Despite efforts by Chicago city officials to curtail Mexican Independence Day caravans this year, the annual festivities prompted the city to implement sudden road closures downtown Saturday night. Many residents spent hours trying to get home.
“(It was) an epic fail like I’ve never seen in this town. Not Nascar, (n) not Lollapalooza, (n) nothing compared to how badly this was handled,” wrote Aaron Thompson, a 46-year-old River resident North, to Ald. Brendan Reilly, 42nd, Sunday morning.
The Chicago Office of Emergency Management and Communications implemented rolling street closures and limited access to downtown beginning around 8 p.m. to “relieve traffic congestion,” according to OEMC’s account on social platform X.
After spending hours on the road, Thompson was denied access to his residential street and re-routed several times.

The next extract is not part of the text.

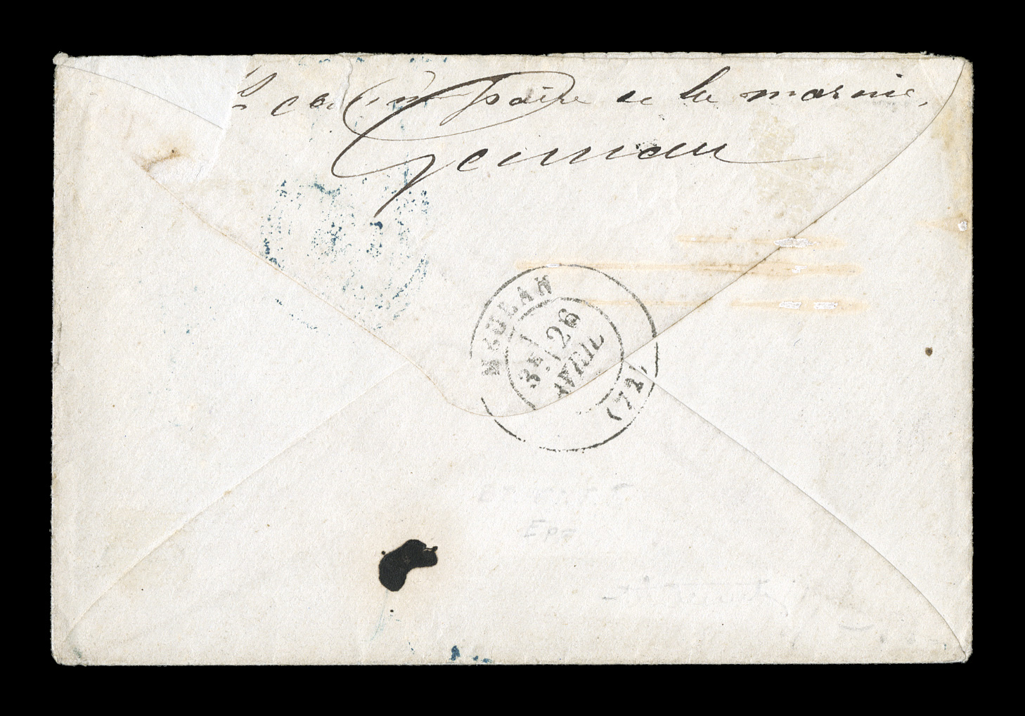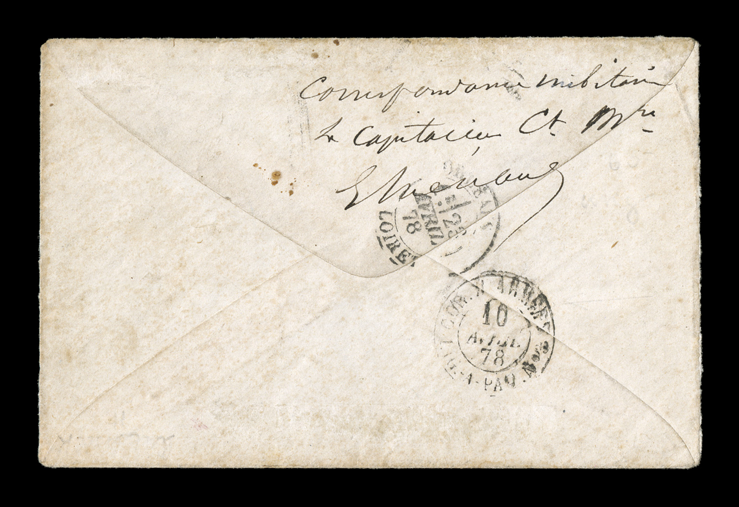 octagonal military postmark with an additional clear strike atFrench Colonies Yvert #23a, 1872 25c Blue, Ty.III, mostly large margins just touching at one corner, tied to small 1878 cover by black lozenge "Corr. D. Arm./Pte a Pitre/10 Avril 78" octagonal military postmark with an additional clear strike at left, carried on a French packet with military packet transit of Line "A" on the reverse and military endorsement, backstamped Orleans, trace of mild aging to the cover, very fine; this cover is in the transitional U.P.U. period when the normal packet rate to France was 40c for 15 grams; while Pointe-a-Pitre was the commercial center of Guadeloupe and many more covers originated there than at Basse Terre, that is not the case with military covers, which largely originated in Basse Terre, this military posting from Pointe-a-Pitre is decidedly rarer and seldom seen. (imagea) (Image) Est. $1,000-1,500

Another Chicago resident, Gregg Roloff, tweeted that he was forced to sleep in his car in the western suburbs last Saturday night after sitting in hours of traffic and being denied entry into the city at several points.
This comes after city officials hoped to discourage caravans this year by imposing sanctions The Scream Festival in Grant Park for the first time in over a decade.
But last night Thompson said the problem wasn’t the caravans, it was the police.
“They treated the residents of the city like trash, like we didn’t belong,” he told the Tribune. In a sea of dozens of overloaded cars, he said he saw only a handful decorated for the holidays.
The Office of Emergency Management and police countered that the city announced possible street closures and access points for those who live and work within the closure area, citing X posts from Wednesday and Friday.
The streets were reopened just after two o’clock on Sunday and public transport was not affected.
Mexican Independence Day festivities continue through Monday night, making more festivity-related traffic impacts possible.